PROBLEM TO WORK ON - Strip the pictures and reproduce the rest of the listing exactly.
*** Opening of DATA TO EXAMINE ***
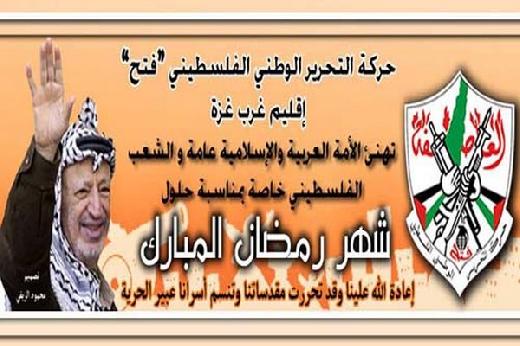 تتقدم حركة التحرير الوطني الفلسطيني" فتح"، إقليم غرب غزة، وجميع المناطق والشعب والكوادر والأعضاء بأحرالتهاني والتبريكات إلي شعبنا الفلسطيني خاصة والشعوب العربية والإسلامية عامة بقدوم شهر رمضان المبارك .. أعاده الله علينا وعلي الأمة العربية والإسلامية وقد تحققت أمانينا بقيام دولتنا الفلسطينية المستقلة وعاصمتها القدس الشريف..
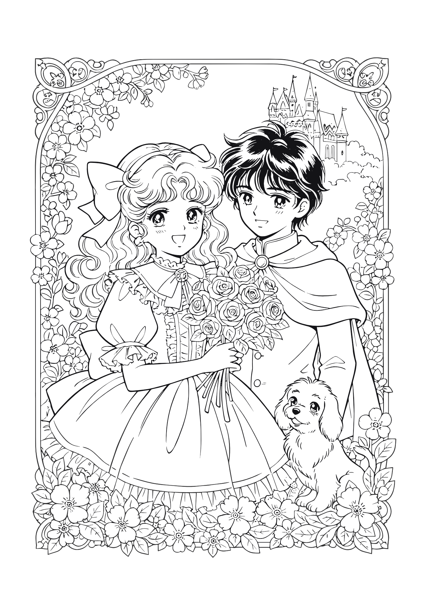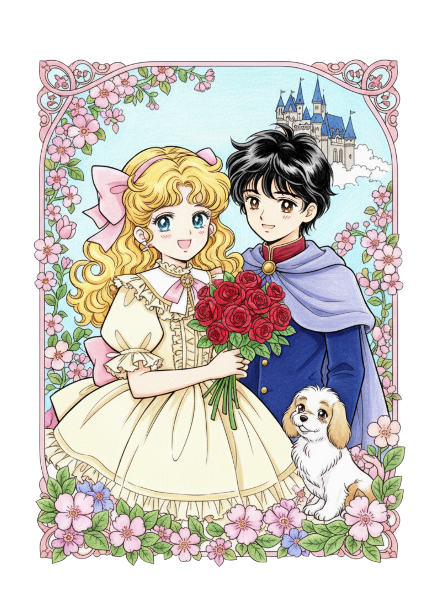 • モチーフ: 昭和レトロ風のお姫様と王子、子犬、花のフレーム、お城
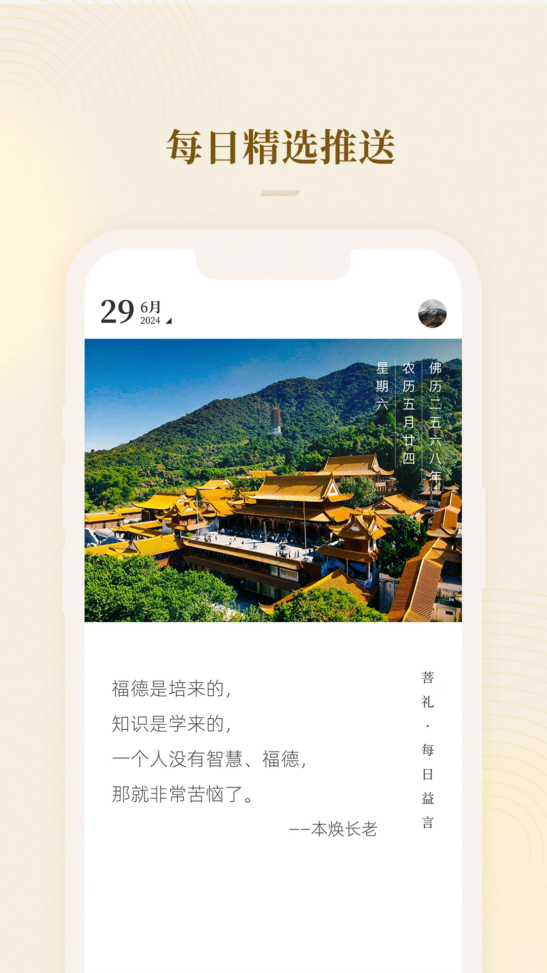 菩是自性,人人心中皆有菩提,万物皆具佛性;礼是修行,日常生活中的衣食住行皆是般若智慧的体现,处处充满禅意与觉悟。菩礼这款应用将禅意美学融入现代生活,为用户打造一个心灵栖息的数字空间。
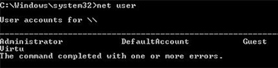 要设置密码,我们在命令提示符里输入net user命令。这个命令会列出所有账户的名字,如下图:
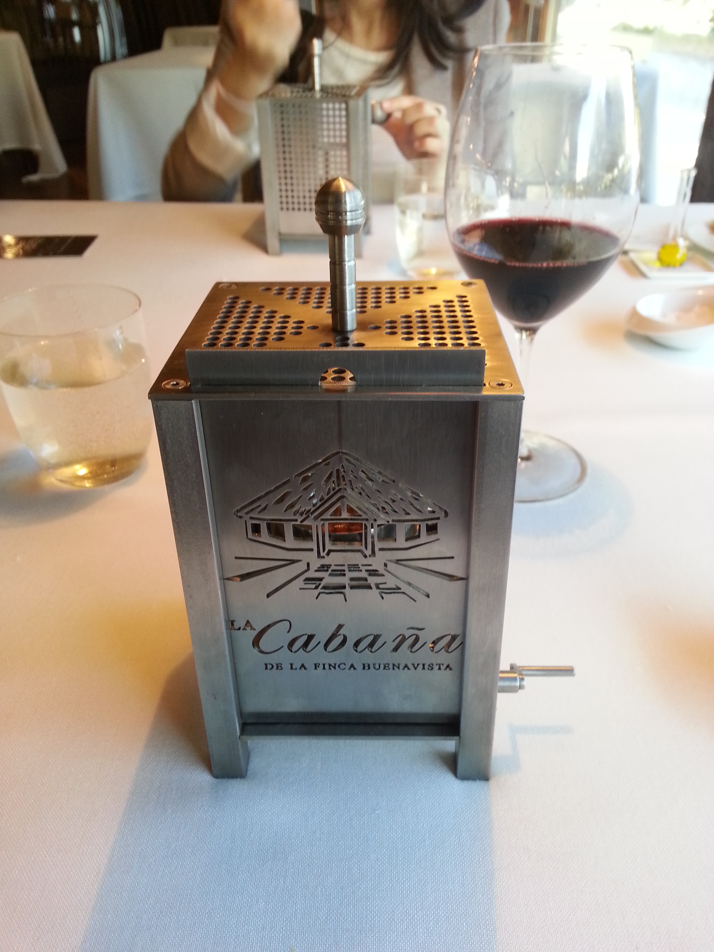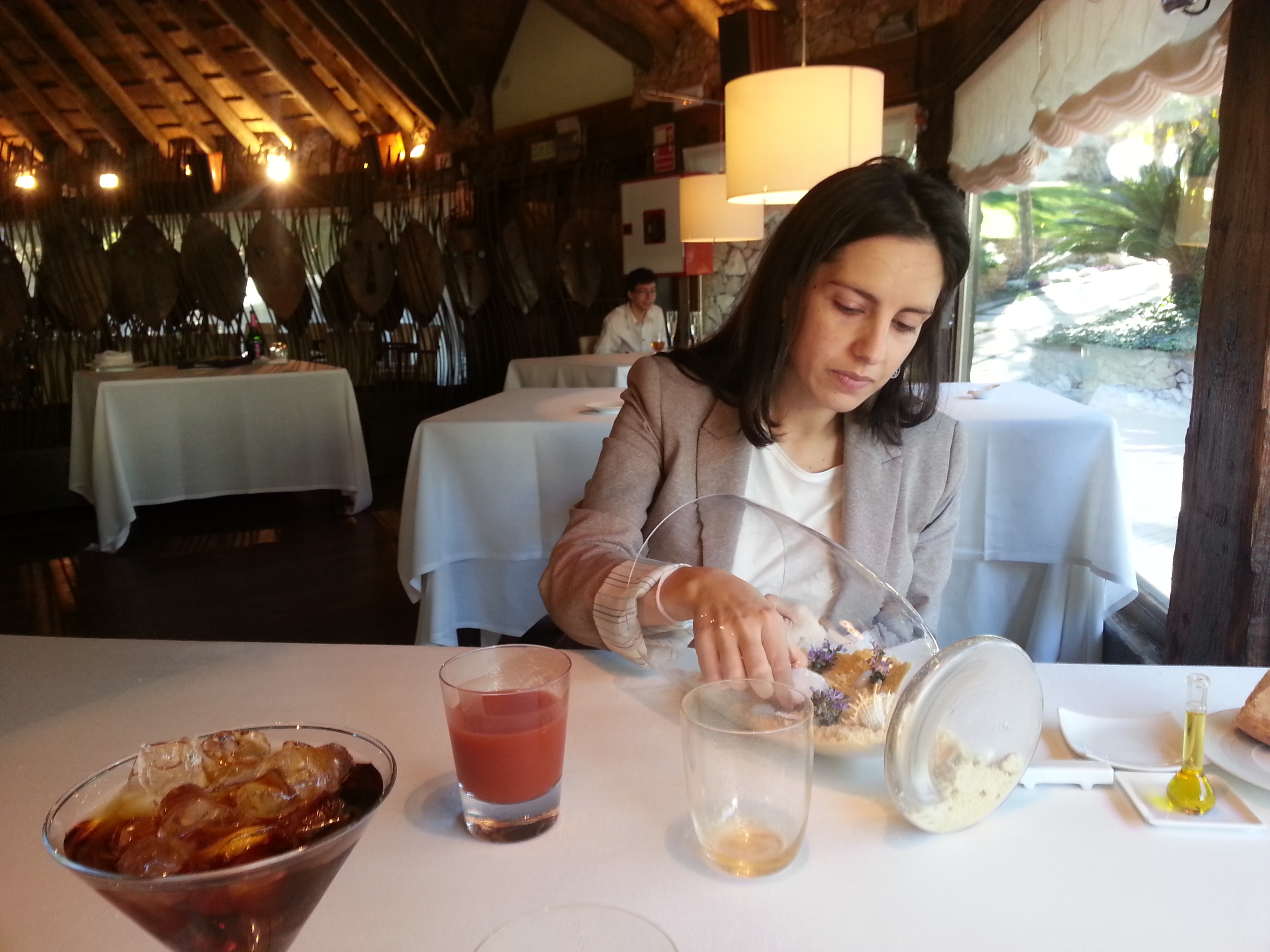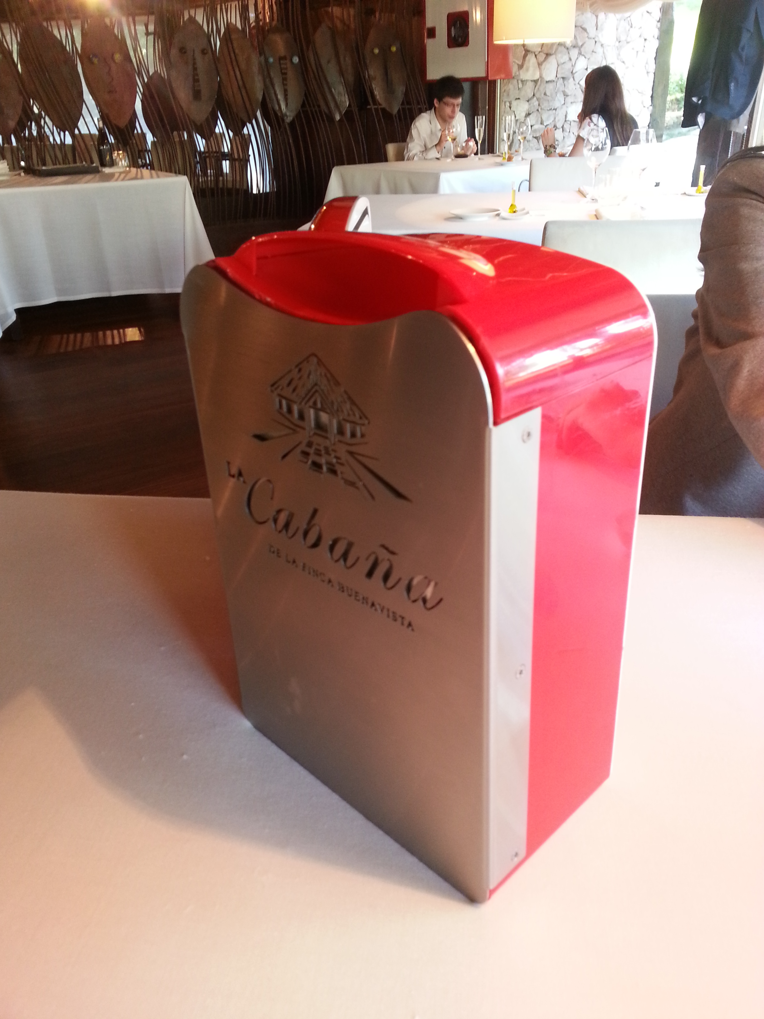 Y no veo el momento de presentaros el siguiente plato. La nevera en la mesa de La Cabaña. Muestra perfectamente la línea de innovación y ganas de sorprender de este restaurante. Como podéis ver en la siguiente foto, sirven una nevera por persona con varios entrantes. Al abrir la nevera, sale el humo que consiguen con carbónico y… te dan ganas de aplaudir. Y eso que todavía no has probado bocado.
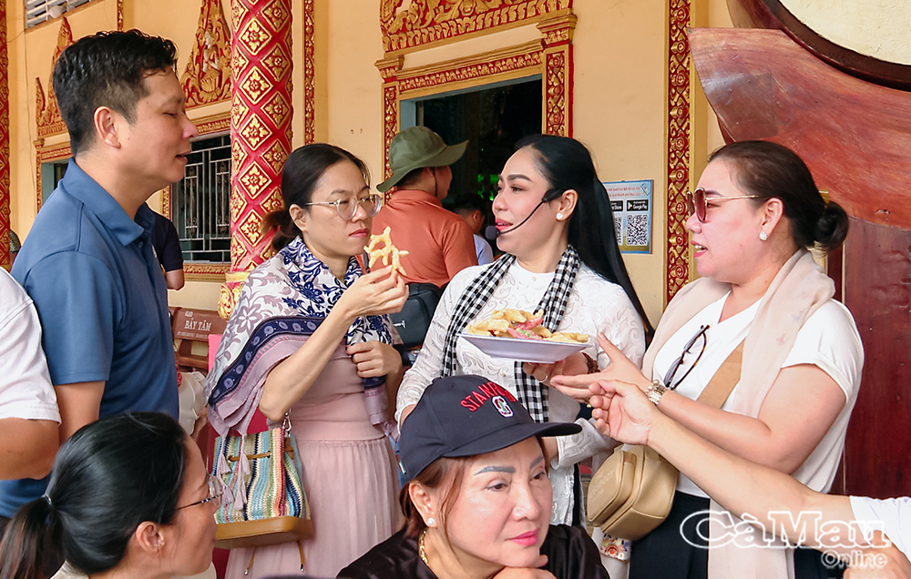 Các doanh nghiệp lữ hành thưởng thức món bánh gừng của đồng bào Khmer tại chùa Xiêm Cán.
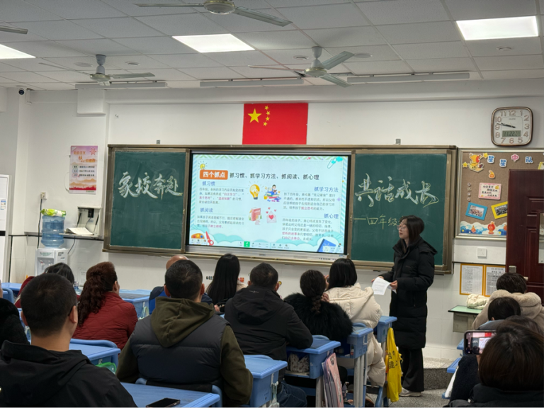 四年级家长会直面学生成长新挑战。教师系统梳理了学生在学习、心理、行为、生活上的突出问题:学习态度波动大、缺乏自主能力;心理抗挫折能力弱;课堂自律性差、人际交往易冲突;生活过度依赖家长。针对这些问题,给出精准指导:学习上引导孩子制定计划,培养预习复习习惯;心理上通过平等对话建立积极的挫折观;行为上家校协同强化课堂纪律,组织集体活动助力内向学生融入;生活上督促孩子自主整理书包、制定课余时间表,逐步摆脱依赖。
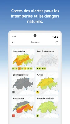 Ne laissez jamais les aléas vous surprendre grâce au système d'alertes de dangers naturels de MeteoSuisse, directement issu des communications gouvernementales. Personnalisez vos notifications push pour des lieux spécifiques et définissez des seuils précis pour tous types de risques : avalanches, orages, crues, gel et bien d'autres, visualisables sur une carte interactive. Au-delà des alertes, suivez en temps réel les mesures de centaines de stations météorologiques, avec des mises à jour toutes les 10 minutes. L'application propose également une section dédiée au Sport & Santé, intégrant la qualité de l'air, les prévisions polliniques, l'indice UV et les hauteurs de neige, ainsi qu'un blog MeteoSuisse actualisé quotidiennement avec des articles captivants sur le climat.
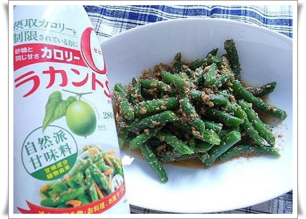 白胡麻をすって、出し、ラカントS液状、しょうゆを加え、味を調節する。
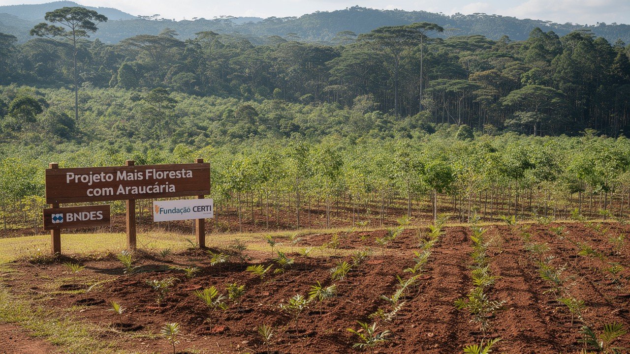 A iniciativa é financiada pelo BNDES e executada pela Fundação CERTI, com foco em reconectar fragmentos florestais e recuperar serviços ambientais essenciais, como regulação climática, conservação do solo e disponibilidade de água.
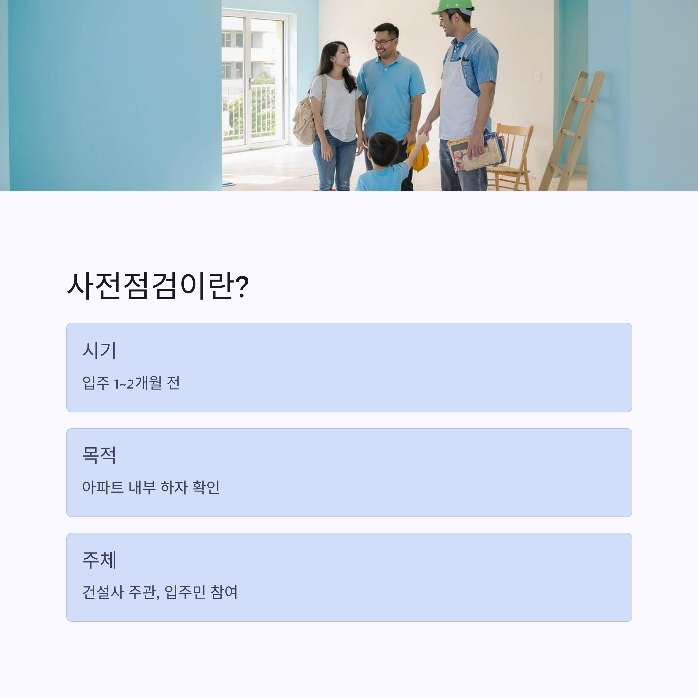 - 사전점검에서 하자를 놓치면 입주 후 A/S 기간에만 보수 가능
*** Close of DATA TO EXAMINE ***
SOLUTION BELOW -
 تتقدم حركة التحرير الوطني الفلسطيني" فتح"، إقليم غرب غزة، وجميع المناطق والشعب والكوادر والأعضاء بأحرالتهاني والتبريكات إلي شعبنا الفلسطيني خاصة والشعوب العربية والإسلامية عامة بقدوم شهر رمضان المبارك .. أعاده الله علينا وعلي الأمة العربية والإسلامية وقد تحققت أمانينا بقيام دولتنا الفلسطينية المستقلة وعاصمتها القدس الشريف..
 • モチーフ: 昭和レトロ風のお姫様と王子、子犬、花のフレーム、お城
 菩是自性,人人心中皆有菩提,万物皆具佛性;礼是修行,日常生活中的衣食住行皆是般若智慧的体现,处处充满禅意与觉悟。菩礼这款应用将禅意美学融入现代生活,为用户打造一个心灵栖息的数字空间。
 要设置密码,我们在命令提示符里输入net user命令。这个命令会列出所有账户的名字,如下图:
 Y no veo el momento de presentaros el siguiente plato. La nevera en la mesa de La Cabaña. Muestra perfectamente la línea de innovación y ganas de sorprender de este restaurante. Como podéis ver en la siguiente foto, sirven una nevera por persona con varios entrantes. Al abrir la nevera, sale el humo que consiguen con carbónico y… te dan ganas de aplaudir. Y eso que todavía no has probado bocado.
 Các doanh nghiệp lữ hành thưởng thức món bánh gừng của đồng bào Khmer tại chùa Xiêm Cán.
 四年级家长会直面学生成长新挑战。教师系统梳理了学生在学习、心理、行为、生活上的突出问题:学习态度波动大、缺乏自主能力;心理抗挫折能力弱;课堂自律性差、人际交往易冲突;生活过度依赖家长。针对这些问题,给出精准指导:学习上引导孩子制定计划,培养预习复习习惯;心理上通过平等对话建立积极的挫折观;行为上家校协同强化课堂纪律,组织集体活动助力内向学生融入;生活上督促孩子自主整理书包、制定课余时间表,逐步摆脱依赖。
 Ne laissez jamais les aléas vous surprendre grâce au système d'alertes de dangers naturels de MeteoSuisse, directement issu des communications gouvernementales. Personnalisez vos notifications push pour des lieux spécifiques et définissez des seuils précis pour tous types de risques : avalanches, orages, crues, gel et bien d'autres, visualisables sur une carte interactive. Au-delà des alertes, suivez en temps réel les mesures de centaines de stations météorologiques, avec des mises à jour toutes les 10 minutes. L'application propose également une section dédiée au Sport & Santé, intégrant la qualité de l'air, les prévisions polliniques, l'indice UV et les hauteurs de neige, ainsi qu'un blog MeteoSuisse actualisé quotidiennement avec des articles captivants sur le climat.
 白胡麻をすって、出し、ラカントS液状、しょうゆを加え、味を調節する。
 A iniciativa é financiada pelo BNDES e executada pela Fundação CERTI, com foco em reconectar fragmentos florestais e recuperar serviços ambientais essenciais, como regulação climática, conservação do solo e disponibilidade de água.
 - 사전점검에서 하자를 놓치면 입주 후 A/S 기간에만 보수 가능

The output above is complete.